There’s no real care in that process. No consideration of what the reader is actually trying to figure out, what they’re feeling, or what would make their situation better. It’s a race to the middle — content written not to inform, engage, or inspire, but simply to rank.

History tells us that doesn’t last.

Focus on information gain instead

Search engines and LLMs have already been trained on vast amounts of publicly available data. What they need now is fresh perspectives, new insights, and evolving conversations.

That’s why Google partnered with Reddit. Reddit discussions aren’t optimised articles chasing keyword scores — they’re people sharing lived experiences, real opinions, and genuine insight. More original than most optimised content.

AI content tools don’t create new ideas. They scan what’s ranking, identify what’s different, and tell you to add it. That’s the opposite of what search systems are increasingly looking for.

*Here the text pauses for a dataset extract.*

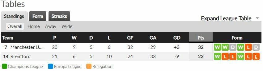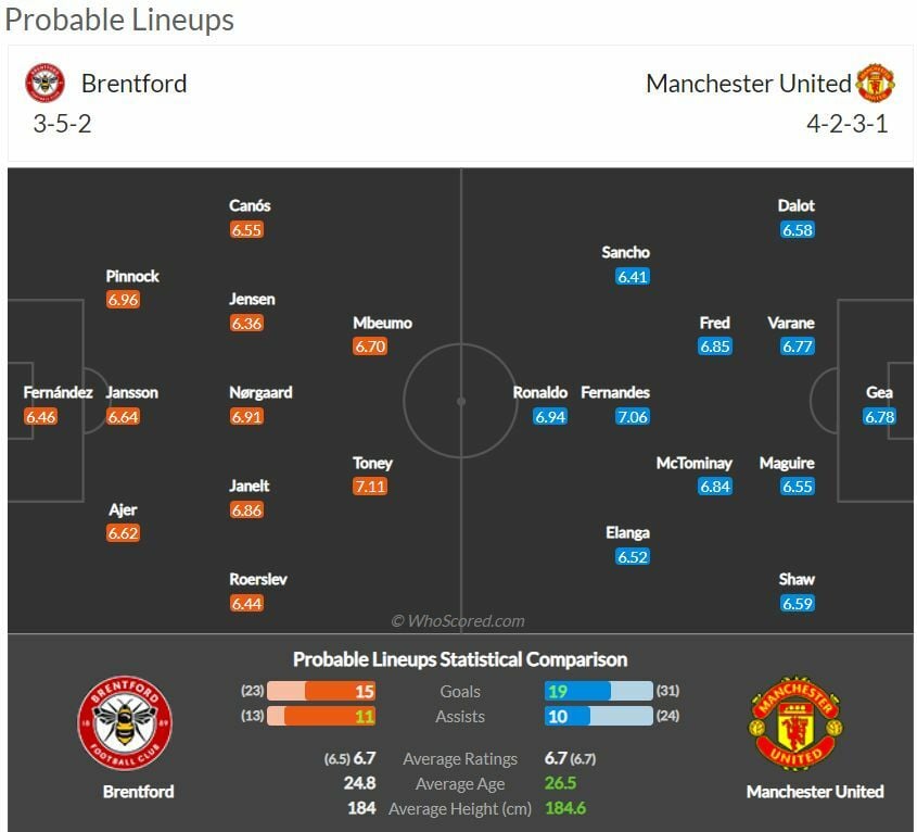 ในช่วงหลัง เบรนท์ฟอร์ด ฟอร์มไม่ค่อยเสถียรอย่างหนัก แต่แนวรุกของพวกเขาก็สามารถสร้างปัญหาให้กับคู่ต่อสู้ได้เป็นอย่างดี ส่วนทางด้าน แมนฯ ยูไนเต็ด เองก็มักเสียประตูง่ายๆจนทำแต้มหล่นไปหลายแต้มแล้ว คาดว่าในเกมนี้ทั้งสองทีมจะเปิดเกมบุกใส่กับ และจะจบลงที่ผลเสมอแบบมีสกอร์

Stand out or blend in. Your choice.

If you follow AI-driven optimisation tools blindly — tweaking your content to fit what’s already ranking — you might see short-term gains. But in the long run, you become just another version of the same thing.

Google isn’t looking for more of the same. It’s looking for originality, genuine expertise, and real value. Content that doesn’t add anything new, challenge the norm, or engage its audience meaningfully will eventually be ignored.

The question worth asking: are you creating something worth reading? Or are you just another version of content that already exists?